Somebody came to our rescue.


----------



## jeffmattero76 (Jan 4, 2016)

I use a product called Perfect 90. It is a very user friendly product that works great for inside corners. It is applied in much the same way as is shown in that video. Supposedly it can also be used on outside corners but I haver never tried that.


----------



## jlhaslip (Dec 31, 2009)

Need a length of "flex" bead which will form that inside corner.

Here is a link to one sample of the flex bead. Tape it as per the video above.

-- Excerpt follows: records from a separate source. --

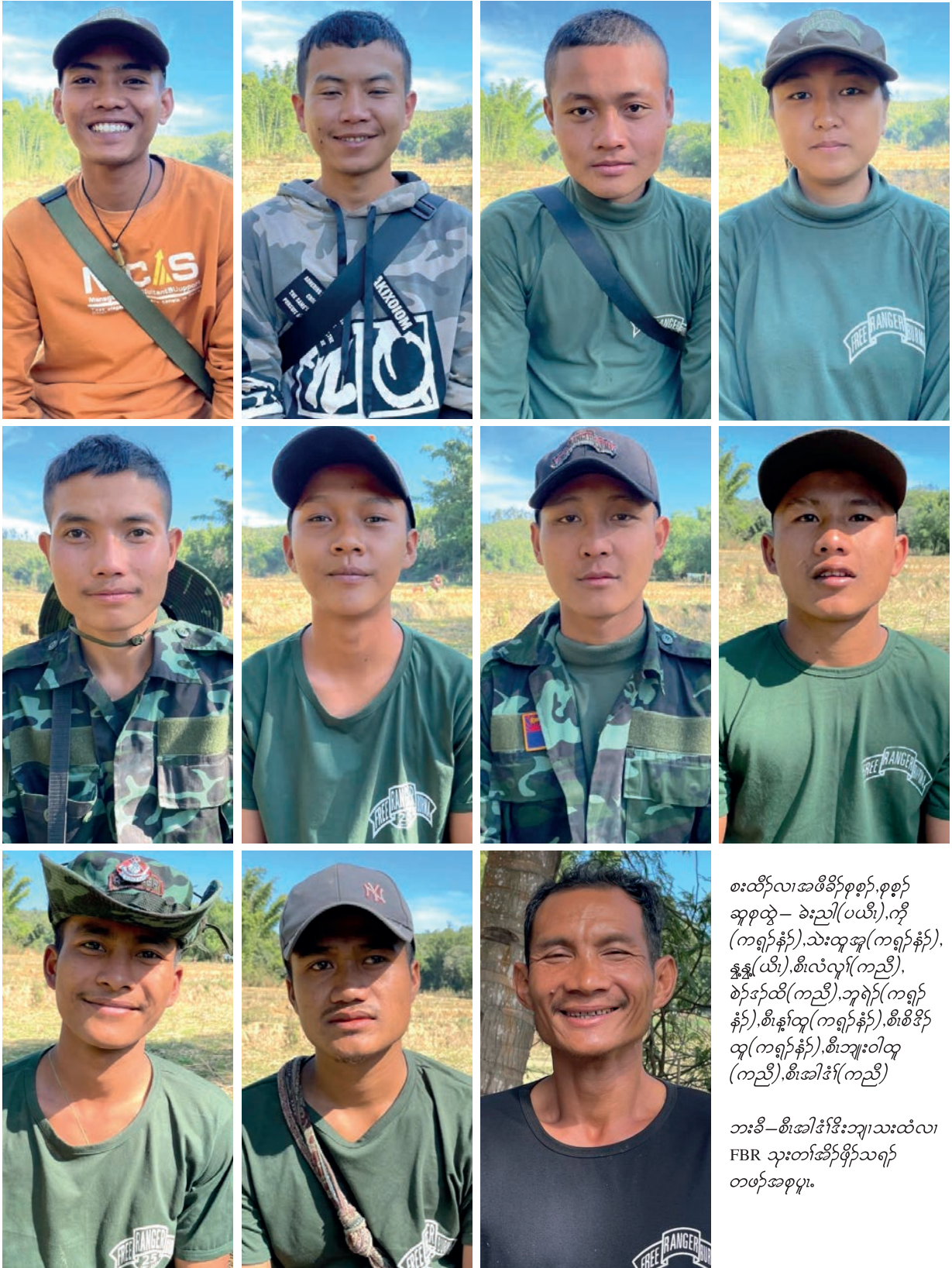
စးထီဉ်လၢအဖိခိဉ်စုစုာ်စုစုာ် ဆူထု - ခဲညါ(ပယီု)၊ကီု (ကရုာ်န့ဉ်)၊သးထုအု(ကရုာ်န့ဉ်)၊ န့ဉ်ယီု၊စါလံလုာ်(ကညီ)၊ စာ်အံထီ(ကညီ)၊ဘုရဲဉ်(ကရုာ် န့ဉ်)၊စါန့ဉ်ထု(ကရုာ်န့ဉ်)၊စါဖိခိဉ် ထု(ကရုာ်န့ဉ်)၊စါဘျုးဝါထု (ကညီ)၊စါအါဒ်(ကညီ) ဘးမိ-စါအါဒ်ဒိးဘျုးသးထံလၢ FBR သးတံဆိဉ်ဖျီဉ်သရဉ် တဖန်အစုပု၊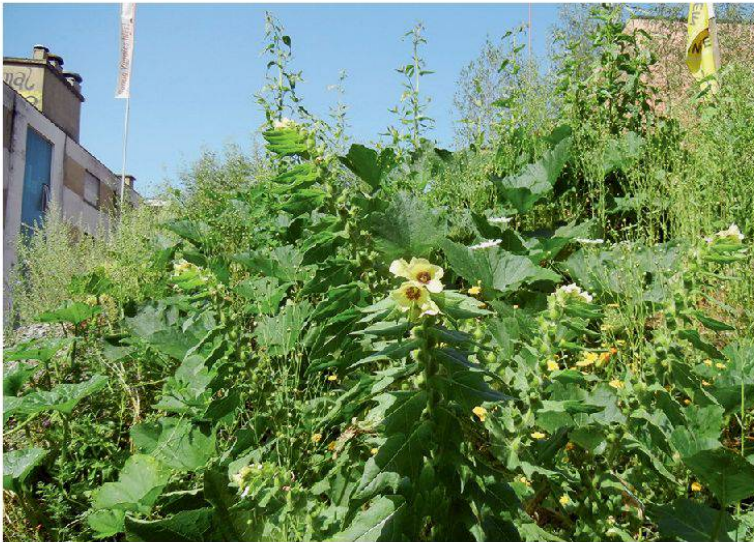
Abbildung 11: Schwarzes Bilsenkraut ( Hyoscyamus niger ) im Central-Park.

Häufigere Arten sind dann die Kleinblütige Königskerze ( Verbascum thapsus ) oder der weltweit verbreitete Portulak ( Portulaca oleracea ), dessen genaue Herkunft nicht mehr mit Sicherheit festgestellt werden kann. Portulak ist ein Kulturfolger des Menschen und wird in der asiatischen Küche als Gemüse oder Salat verwendet. Weltweit ist Portulak eines der gefürchtetsten Unkräuter in der Landwirtschaft. Er ist an 8. Stelle der weltweit am häufigsten vorkommenden Arten. Seine langlebigen Samen sind auch nach 12 Jahren noch keimfähig und zudem salzwasserbeständig. Als Kulturpflanze in Garten, Topf und Küche gibt es auch viele Portulak-Zuchtformen.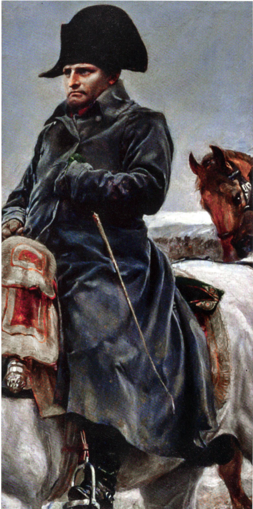
Napoleon in der Pose des unbezwingbaren Heerführers. Doch das Bild täuscht!

Am 30. November sinkt die Temperatur auf minus 30 Grad. Die Grosse Armee ist nur noch ein Haufen zerlumpter und ausgehungert Männer. Napoleon sucht von seinen strategischen Fehlern abzulenken und schiebt den Untergang seiner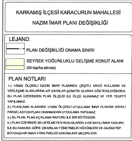
Şekil 3: Öneri 1/5000 Ölçekli Nazım İmar Planı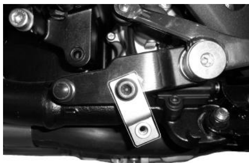
Left-hand side fitting bracket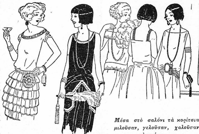
Μέσα στο σαλόνι τά κορίτσια μιλούσαν, γελούσαν, χαλούσαν τόν κόσμο....

Μιά τετράριπλη πόρτα, άνοι—χτή πάντα, ένοιουε την τραπέζια με τό σαλόνι. Και στο σαλόνι προ—νούσαν τή βραδιά τους κοιτσιπο—λεύοντας μερικές συγγένσες ή φιληράδες τής Κανούταντας, δυό ζαδέφρες της, ή γυναίκα του παν—τρεμένου άξιοματιζού κι' ό δυό ά—δορφάδες του άνύπαντρου. Αιτές ήταν οι ταχικές. Μά κάπου—κά—που πήγαιναν κι' έκτακτες. Παρα—δείγματος χάριν ή κυρία Γιαννο—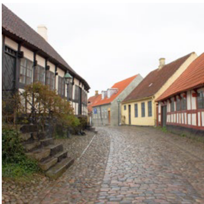
Bindingsværk og gadebelægninger med bro- og pigsten understøtter det helstøbte kulturmiljø i Ebeltoft. Tv. i billedet Overgade 5-9 fra 1850. Th. i billedet ses den gamle postlade fra omkring år 1700, begge fredet.

Også byens smukt bearbejdede overflader som gadebelægninger, facader og tagflader er værdifulde for kulturmiljøet – heriblandt variationen mellem det markante bindingsværk og de pudsede facader i forskellige farver, kalkede overflader, de høje sorttjærede sokler, de mange røde tegltage og ikke mindst de taktile brostens- og pigstensbelægninger, som strækker sig gennem stort set hele den historiske bymidte som et stort sammenhængende tæppe. Sammen med detaljer som de diskrete ældre gadelamper er det hele med til at skabe et stærkt helhedspræg i bymiljøet.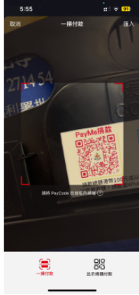
2) 掃描旗袋上的PayMe二維碼

You might be able to purchase a single length from a Drywall Taper locally instead of buying an entire roll. Most Drywall Finishers appreciate donations to their Adult Refreshment Fund.


----------



## ron45 (Feb 25, 2014)

Paneling.?


----------



## mark sr (Jun 13, 2017)

While flex bead is supposed to be better/easier, I've never had any issues taping an inside corner with regular paper tape. It really is as simple as keeping the folded crease straight.


----------



## jaketrades (Mar 2, 2017)

Doesn’t look like flex bead is at my local HD. They do have the perfect 90 that Jeff mentioned.


Sent from my iPhone using Tapatalk


----------



## Nealtw (Jun 22, 2017)

jaketrades said:


> Doesn’t look like flex bead is at my local HD. They do have the perfect 90 that Jeff mentioned.
> 
> 
> Sent from my iPhone using Tapatalk


They have a phone number.
http://www.phillipsmfg.com/180flexkorner-insideoutside-corner-bead/


----------



## strawbrook (Feb 2, 2018)

Hey, the flex bead looks interesting, but I'm trying to smooth a corner that's already been mudded and painted, and the line isn't straight across. Giving it a go with tape, sanding, mudding, sanding, and patience, but if the flex bead stuff will work better, I'll rip out what I've just started anyway. Thoughts?


----------



## Nealtw (Jun 22, 2017)

strawbrook said:


> Hey, the flex bead looks interesting, but I'm trying to smooth a corner that's already been mudded and painted, and the line isn't straight across. Giving it a go with tape, sanding, mudding, sanding, and patience, but if the flex bead stuff will work better, I'll rip out what I've just started anyway. Thoughts?


 My only trick was to finish one side first, when 2 coats are dry and nice do the other side.


----------